Süddeutsche Zeitung

Krone-Herausgeber Dichand:"Ibiza lebt"

Warum Christoph Dichand, der Herausgeber der österreichischen Tageszeitung "Krone", seine Redaktion vor einem "rücksichtslosen Versuch der Machtergreifung" warnt. Und was Ibiza damit zu tun hat.

Von Leila Al-Serori

"Ibiza lebt!", soll Christoph Dichand, Herausgeber der Krone , seine Belegschaft in einer Mail gewarnt haben. Wie österreichische Medien berichten, schwört er seine Mitarbeiterinnen und Mitarbeiter auf Widerstand gegen einen "rücksichtslosen Versuch der Machtergreifung" ein. Ibiza lebt?

"Wenn sie die Krone kauft, hat sie ein Imperium", sagte Heinz-Christian Strache im Sommer 2017 in der Villa auf Ibiza. "Wenn sie ein Grundstück will, das die Stadt Wien hat, sagt der Bürgermeister: okay, bam bam bam. So rennt das." Wie man die Kronen Zeitung, die größte und wichtigste Zeitung Österreichs, zum Machtinstrument der FPÖ machen könnte, ist eines der zentralen Themen des mehr als sechsstündigen und heimlich gefilmten Gesprächs, das Strache auf Ibiza mit einer angeblichen russischen Investorin führt. Nicht nur einmal macht der damalige FPÖ-Chef und spätere Vizekanzler klar, warum das Boulevardblatt eine Investition lohnt - und was der FPÖ nicht alles möglich wäre, wenn eine Vertraute neue Besitzerin würde. Aus diesen Plänen ist nichts geworden, Strache ist längst nicht mehr Parteichef. Seine Aussagen wurden auf Video festgehalten und im Mai 2019 von Spiegel und Süddeutscher Zeitung veröffentlicht, die ÖVP beendete die Koalition mit der FPÖ, Strache zog sich von allen Ämtern zurück. So viel ist sicher: Ihn meint Dichand nicht, wenn er vor einer Übernahme warnt.
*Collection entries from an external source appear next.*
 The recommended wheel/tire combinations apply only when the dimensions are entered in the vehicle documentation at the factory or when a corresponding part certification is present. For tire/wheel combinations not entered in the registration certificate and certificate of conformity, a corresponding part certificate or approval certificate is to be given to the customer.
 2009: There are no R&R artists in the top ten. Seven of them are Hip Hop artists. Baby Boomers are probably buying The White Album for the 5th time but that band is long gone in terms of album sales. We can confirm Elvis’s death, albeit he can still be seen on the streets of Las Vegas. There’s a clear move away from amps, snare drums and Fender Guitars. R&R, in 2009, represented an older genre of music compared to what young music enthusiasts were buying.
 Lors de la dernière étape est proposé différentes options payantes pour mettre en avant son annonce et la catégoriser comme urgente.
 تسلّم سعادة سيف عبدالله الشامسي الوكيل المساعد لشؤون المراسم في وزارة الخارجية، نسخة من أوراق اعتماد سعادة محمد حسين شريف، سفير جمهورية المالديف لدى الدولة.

Sondern René Benko.

Der Tiroler Immobilienmilliardär, dem sowohl Karstadt als auch das New Yorker Chrysler Building gehören, mischt seit Ende 2018 bei der Krone mit. Damals erwarb Benko 49 Prozent an der Funke-Holding, diese wiederum hält 50 Prozent an der Krone. Unterm Strich besitzt René Benko also 24,5 Prozent der einflussreichen Zeitung - nach einer damaligen Vereinbarung könnte er darüber hinaus die Anteile der Essener Funke-Gruppe komplett übernehmen.
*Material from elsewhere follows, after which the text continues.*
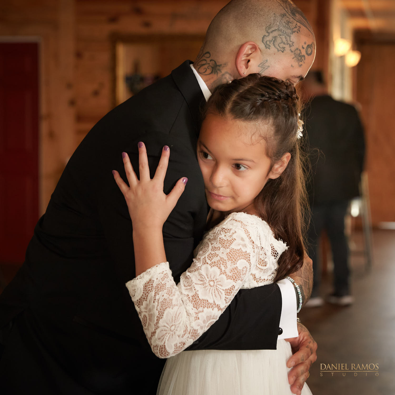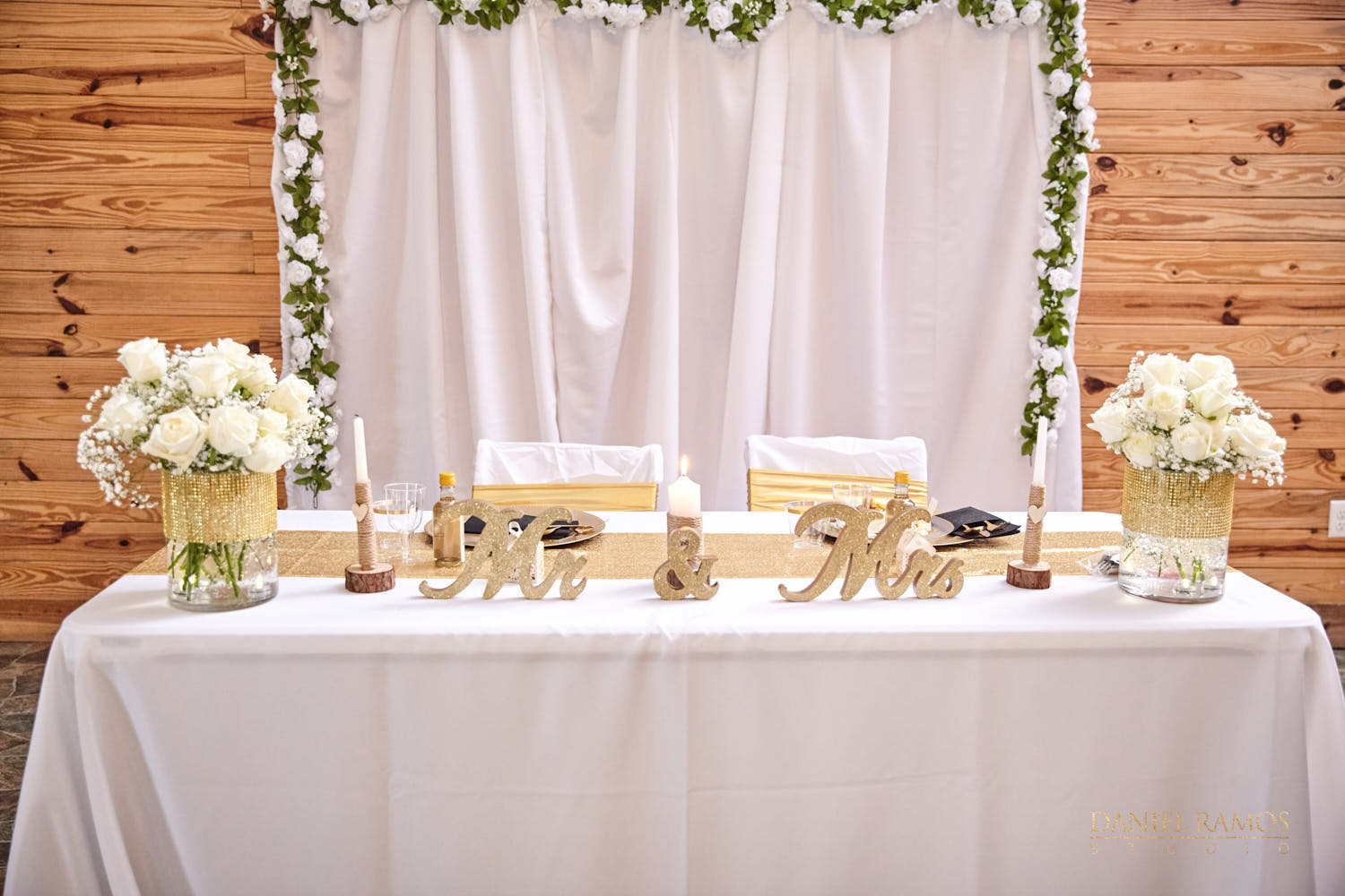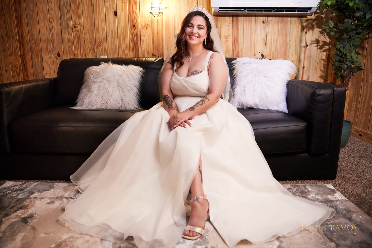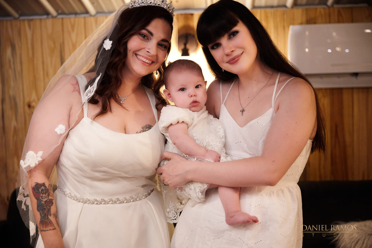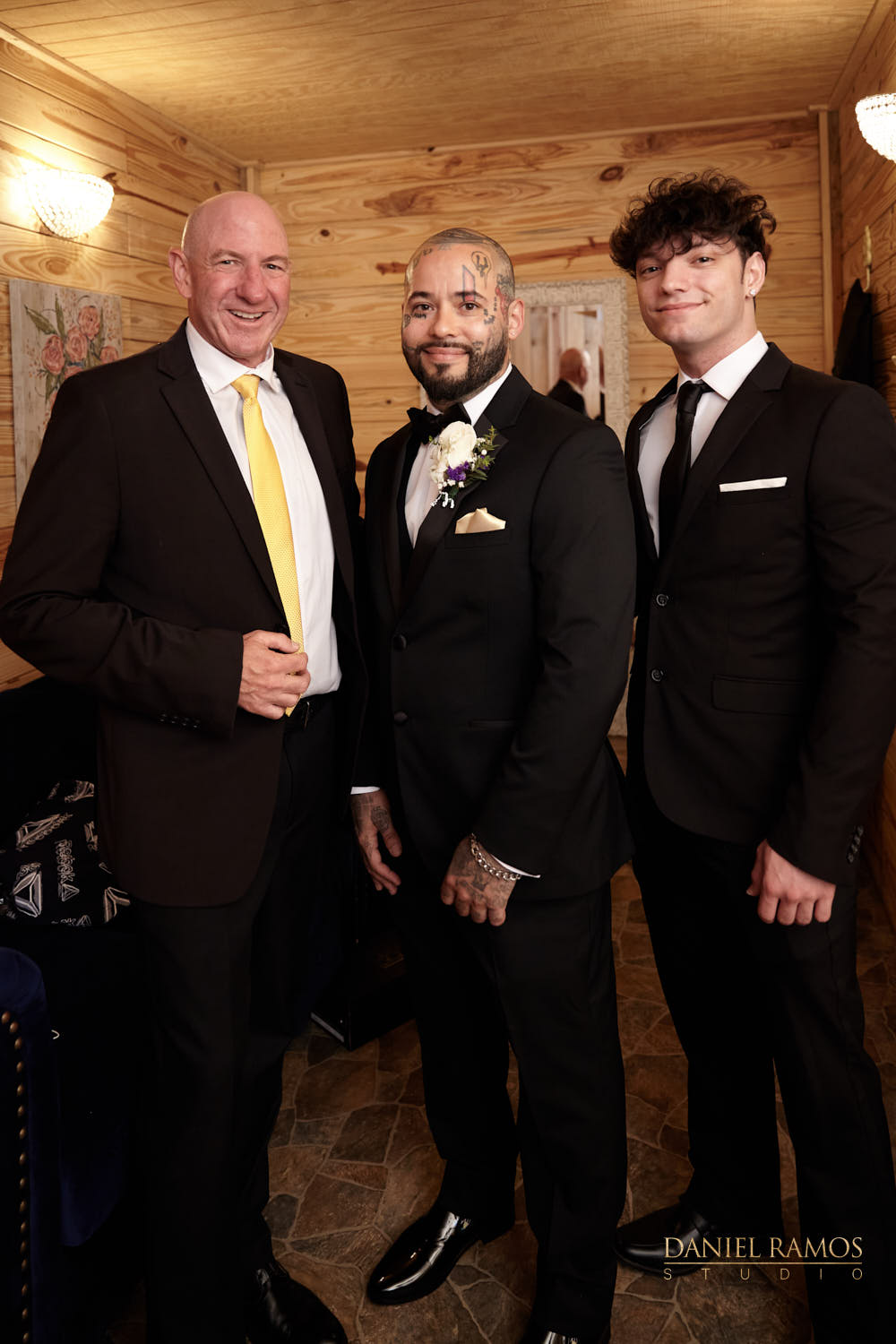 The ceremony was to take place outdoors on rustic benches and in front of a farm but the rain had other plans for us. So we moved inside the barn patio which ended up working just fine. I quickly set up all my nine cameras to capture all the moments that were about to take place.

In diesem Fall will Benko, dass die Vorrechte der Familie Dichand fallen, die 1987 beim Einstieg der Funke-Gruppe vereinbart worden waren: Die Dichands haben aufgrund dieser Vereinbarungen das alleinige Sagen in der Redaktion, was die Inhalte, aber auch die Vergabe von Posten betrifft. Außerdem wird der Familie ein jährlicher Millionenbetrag vom Gewinn zugesprochen - selbst wenn die Zeitung ihn nicht abwirft. In dem Fall müssen die Mitgesellschafter dafür aufkommen.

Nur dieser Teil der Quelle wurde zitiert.